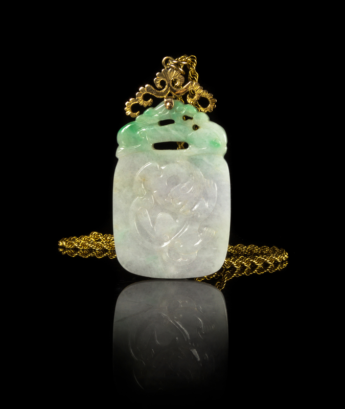 the mottled white stone with light apple green inclusions, of rounded rectangular form carved to both sides in relief showing chilong, suspended from a yellow gold chain.
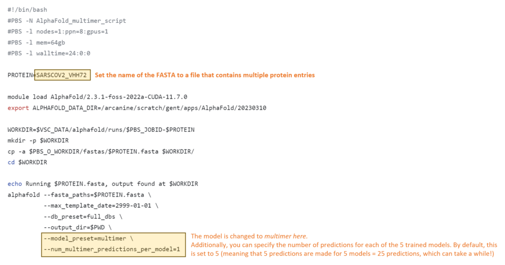 On October 4th, 2021, DeepMind released the AlphaFold-Multimer publication on bioRxiv, closely followed by updated code and models on GitHub. AF-Multimer is an adaptation of the original architecture, but now specifically trained to more accurately model protein-protein interactions. This page gives a summary of the implications for AlphaFold on the HPC when you want to run these specialized models.
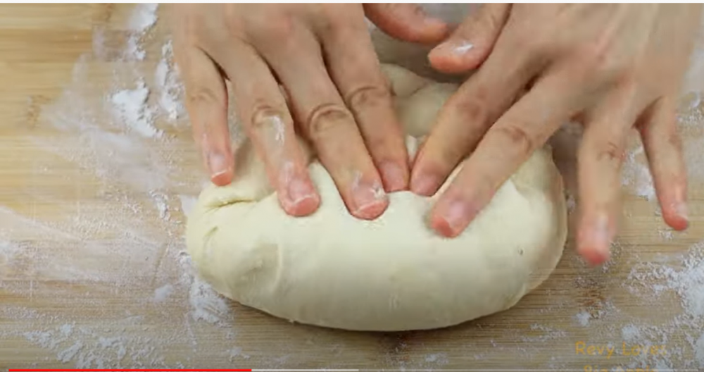 2)发酵好的面团直接倒在案板上,从四周向中间折叠几下,这个折叠的过程也是个整理的过程,最后整理成一个长方形的面饼。
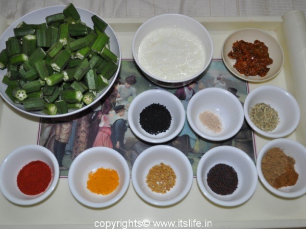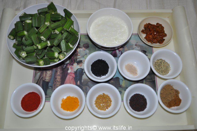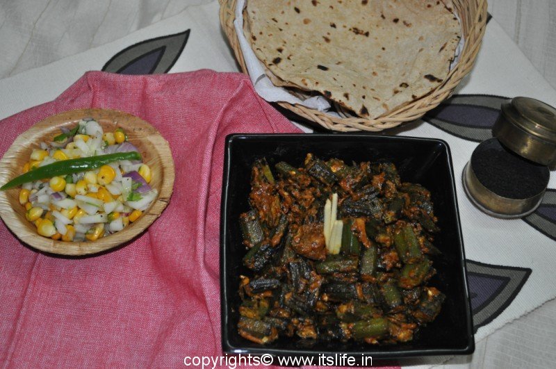 Achari bhindi is a side dish prepared using Okra / Ladies Finger with Pickle Masala.

++++++++

Assignment:
The listing above is to be set down word for word, without its images.

Result:
 the mottled white stone with light apple green inclusions, of rounded rectangular form carved to both sides in relief showing chilong, suspended from a yellow gold chain.
 On October 4th, 2021, DeepMind released the AlphaFold-Multimer publication on bioRxiv, closely followed by updated code and models on GitHub. AF-Multimer is an adaptation of the original architecture, but now specifically trained to more accurately model protein-protein interactions. This page gives a summary of the implications for AlphaFold on the HPC when you want to run these specialized models.
 2)发酵好的面团直接倒在案板上,从四周向中间折叠几下,这个折叠的过程也是个整理的过程,最后整理成一个长方形的面饼。
 Achari bhindi is a side dish prepared using Okra / Ladies Finger with Pickle Masala.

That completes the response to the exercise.